(ACTION ITEM):
Output all of the data exactly as it appears, but leave out any pictures it contains.

(DATASET SECTION):
== Segment start ==

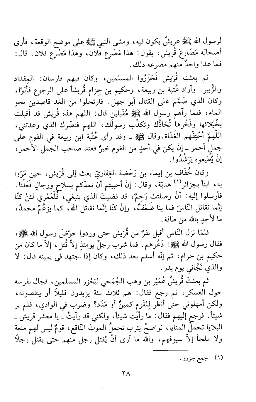 ثُمَّ بَعَثَتْ قُرَيْشٌ عُمَيْرَ بْنَ وَهْبٍ الْجُمَحِيَّ لِيَحْزَرَ الْمُسْلِمِينَ. فَجَالَ بِفَرَسِهِ حَوْلَ الْعَسْكَرِ، ثُمَّ رَجَعَ فَقَالَ: هُمْ ثَلَاثُمَائَةٍ يَزِيدُونَ قَلِيلًا أَوْ يَنْقُصُونَهُ، وَلَكِنْ أَمْهِلُونِي حَتَّى أَنْظُرَ لِلْقَوْمِ كَمِينٌ أَوْ مَدَدٌ؟ وَضَرَبَ فِي الْوَادِي، فَلَمْ يَرَ شَيْئًا فَرَجَعَ إِلَيْهِمْ فقال: ما رأيت شيئا، ولكني قَدْ رَأَيْتُ - يَا مَعْشَرَ قُرَيْشٍ - الْبَلَايَا تَحْمِلُ الْمَنَايَا، نَوَاضِحُ يَثْرِبَ تَحْمِلُ الْمَوْتَ النَّاقِعَ. قَوْمٌ لَيْسَ لَهُمْ مَنَعَةٌ وَلَا مَلْجَأٌ إِلَّا سُيُوفُهُمْ، وَاللَّهِ مَا أَرَى أَنْ يُقْتَلَ رَجُلٌ مِنْهُمْ حَتَّى يَقْتُلَ رَجُلًا
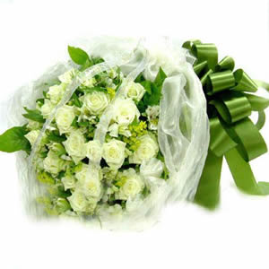 16只白玫瑰,黃色勿忘我或加拿大黃鶯和梔子葉搭配、白色沙網(wǎng)包裝,綠色絲帶打結(jié)。
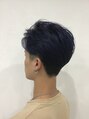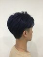 サイドは3ミリのツーブロック、バックは5ミリからのグラデーションツーブロックでマッシュ系ボブスタイル。ブリーチ後にダークブルーをオン。ブルーブラックとは違う暗めのブルー。
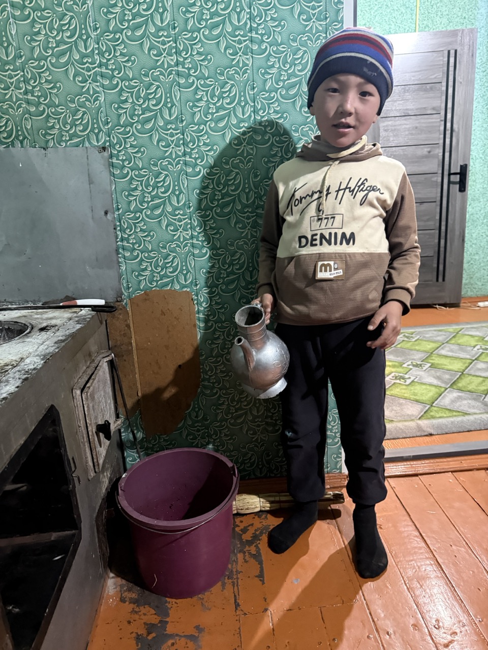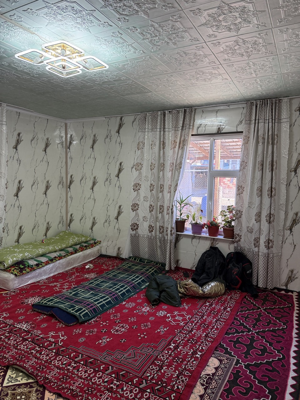 The accommodation was quite basic; a small house with a room filled with rugs and curtains, and a padded mat on the ground. It was a family of three; a mother and two sons. One was 8, and the other 21.

== Segment end ==

(RESULT OF THE TASK):
 ثُمَّ بَعَثَتْ قُرَيْشٌ عُمَيْرَ بْنَ وَهْبٍ الْجُمَحِيَّ لِيَحْزَرَ الْمُسْلِمِينَ. فَجَالَ بِفَرَسِهِ حَوْلَ الْعَسْكَرِ، ثُمَّ رَجَعَ فَقَالَ: هُمْ ثَلَاثُمَائَةٍ يَزِيدُونَ قَلِيلًا أَوْ يَنْقُصُونَهُ، وَلَكِنْ أَمْهِلُونِي حَتَّى أَنْظُرَ لِلْقَوْمِ كَمِينٌ أَوْ مَدَدٌ؟ وَضَرَبَ فِي الْوَادِي، فَلَمْ يَرَ شَيْئًا فَرَجَعَ إِلَيْهِمْ فقال: ما رأيت شيئا، ولكني قَدْ رَأَيْتُ - يَا مَعْشَرَ قُرَيْشٍ - الْبَلَايَا تَحْمِلُ الْمَنَايَا، نَوَاضِحُ يَثْرِبَ تَحْمِلُ الْمَوْتَ النَّاقِعَ. قَوْمٌ لَيْسَ لَهُمْ مَنَعَةٌ وَلَا مَلْجَأٌ إِلَّا سُيُوفُهُمْ، وَاللَّهِ مَا أَرَى أَنْ يُقْتَلَ رَجُلٌ مِنْهُمْ حَتَّى يَقْتُلَ رَجُلًا
 16只白玫瑰,黃色勿忘我或加拿大黃鶯和梔子葉搭配、白色沙網(wǎng)包裝,綠色絲帶打結(jié)。
 サイドは3ミリのツーブロック、バックは5ミリからのグラデーションツーブロックでマッシュ系ボブスタイル。ブリーチ後にダークブルーをオン。ブルーブラックとは違う暗めのブルー。
 The accommodation was quite basic; a small house with a room filled with rugs and curtains, and a padded mat on the ground. It was a family of three; a mother and two sons. One was 8, and the other 21.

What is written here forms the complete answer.